- [The problem]: Give back all the records exactly, keeping every line whole.

[Recorded data]
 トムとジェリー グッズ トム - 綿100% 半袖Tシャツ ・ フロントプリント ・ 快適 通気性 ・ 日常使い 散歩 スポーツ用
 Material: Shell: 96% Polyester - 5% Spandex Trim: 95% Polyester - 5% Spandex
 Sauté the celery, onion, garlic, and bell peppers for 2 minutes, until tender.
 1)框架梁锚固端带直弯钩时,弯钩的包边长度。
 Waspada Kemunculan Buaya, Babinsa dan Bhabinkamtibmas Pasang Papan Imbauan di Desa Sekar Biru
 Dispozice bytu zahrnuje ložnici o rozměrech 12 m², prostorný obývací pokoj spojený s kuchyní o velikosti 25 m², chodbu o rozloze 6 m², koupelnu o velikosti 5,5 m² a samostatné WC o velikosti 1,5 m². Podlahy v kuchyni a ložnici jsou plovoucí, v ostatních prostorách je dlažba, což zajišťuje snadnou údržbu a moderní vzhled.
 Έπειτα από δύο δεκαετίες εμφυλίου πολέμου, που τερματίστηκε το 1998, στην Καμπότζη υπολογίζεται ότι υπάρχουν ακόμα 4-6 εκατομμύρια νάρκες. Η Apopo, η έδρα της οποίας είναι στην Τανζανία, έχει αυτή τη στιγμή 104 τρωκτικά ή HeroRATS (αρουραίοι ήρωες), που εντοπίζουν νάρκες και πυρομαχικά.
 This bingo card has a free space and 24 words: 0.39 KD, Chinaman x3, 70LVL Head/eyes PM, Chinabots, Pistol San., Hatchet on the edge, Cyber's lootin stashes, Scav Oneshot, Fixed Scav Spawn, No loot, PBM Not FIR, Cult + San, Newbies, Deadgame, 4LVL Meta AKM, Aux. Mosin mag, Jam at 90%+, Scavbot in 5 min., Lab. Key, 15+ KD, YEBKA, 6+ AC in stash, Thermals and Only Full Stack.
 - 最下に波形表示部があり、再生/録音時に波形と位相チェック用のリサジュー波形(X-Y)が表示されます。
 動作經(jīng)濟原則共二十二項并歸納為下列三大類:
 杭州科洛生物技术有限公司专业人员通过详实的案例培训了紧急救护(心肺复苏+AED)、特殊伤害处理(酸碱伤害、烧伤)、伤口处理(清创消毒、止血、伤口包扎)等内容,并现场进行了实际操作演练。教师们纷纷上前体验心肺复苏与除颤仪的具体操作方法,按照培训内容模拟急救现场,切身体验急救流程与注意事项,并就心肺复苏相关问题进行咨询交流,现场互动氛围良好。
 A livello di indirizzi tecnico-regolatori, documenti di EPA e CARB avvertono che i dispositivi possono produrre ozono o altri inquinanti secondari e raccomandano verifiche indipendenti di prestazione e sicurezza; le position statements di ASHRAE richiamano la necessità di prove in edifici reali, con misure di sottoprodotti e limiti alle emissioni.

- [Answer to this problem]:
 トムとジェリー グッズ トム - 綿100% 半袖Tシャツ ・ フロントプリント ・ 快適 通気性 ・ 日常使い 散歩 スポーツ用
 Material: Shell: 96% Polyester - 5% Spandex Trim: 95% Polyester - 5% Spandex
 Sauté the celery, onion, garlic, and bell peppers for 2 minutes, until tender.
 1)框架梁锚固端带直弯钩时,弯钩的包边长度。
 Waspada Kemunculan Buaya, Babinsa dan Bhabinkamtibmas Pasang Papan Imbauan di Desa Sekar Biru
 Dispozice bytu zahrnuje ložnici o rozměrech 12 m², prostorný obývací pokoj spojený s kuchyní o velikosti 25 m², chodbu o rozloze 6 m², koupelnu o velikosti 5,5 m² a samostatné WC o velikosti 1,5 m². Podlahy v kuchyni a ložnici jsou plovoucí, v ostatních prostorách je dlažba, což zajišťuje snadnou údržbu a moderní vzhled.
 Έπειτα από δύο δεκαετίες εμφυλίου πολέμου, που τερματίστηκε το 1998, στην Καμπότζη υπολογίζεται ότι υπάρχουν ακόμα 4-6 εκατομμύρια νάρκες. Η Apopo, η έδρα της οποίας είναι στην Τανζανία, έχει αυτή τη στιγμή 104 τρωκτικά ή HeroRATS (αρουραίοι ήρωες), που εντοπίζουν νάρκες και πυρομαχικά.
 This bingo card has a free space and 24 words: 0.39 KD, Chinaman x3, 70LVL Head/eyes PM, Chinabots, Pistol San., Hatchet on the edge, Cyber's lootin stashes, Scav Oneshot, Fixed Scav Spawn, No loot, PBM Not FIR, Cult + San, Newbies, Deadgame, 4LVL Meta AKM, Aux. Mosin mag, Jam at 90%+, Scavbot in 5 min., Lab. Key, 15+ KD, YEBKA, 6+ AC in stash, Thermals and Only Full Stack.
 - 最下に波形表示部があり、再生/録音時に波形と位相チェック用のリサジュー波形(X-Y)が表示されます。
 動作經(jīng)濟原則共二十二項并歸納為下列三大類:
 杭州科洛生物技术有限公司专业人员通过详实的案例培训了紧急救护(心肺复苏+AED)、特殊伤害处理(酸碱伤害、烧伤)、伤口处理(清创消毒、止血、伤口包扎)等内容,并现场进行了实际操作演练。教师们纷纷上前体验心肺复苏与除颤仪的具体操作方法,按照培训内容模拟急救现场,切身体验急救流程与注意事项,并就心肺复苏相关问题进行咨询交流,现场互动氛围良好。
 A livello di indirizzi tecnico-regolatori, documenti di EPA e CARB avvertono che i dispositivi possono produrre ozono o altri inquinanti secondari e raccomandano verifiche indipendenti di prestazione e sicurezza; le position statements di ASHRAE richiamano la necessità di prove in edifici reali, con misure di sottoprodotti e limiti alle emissioni.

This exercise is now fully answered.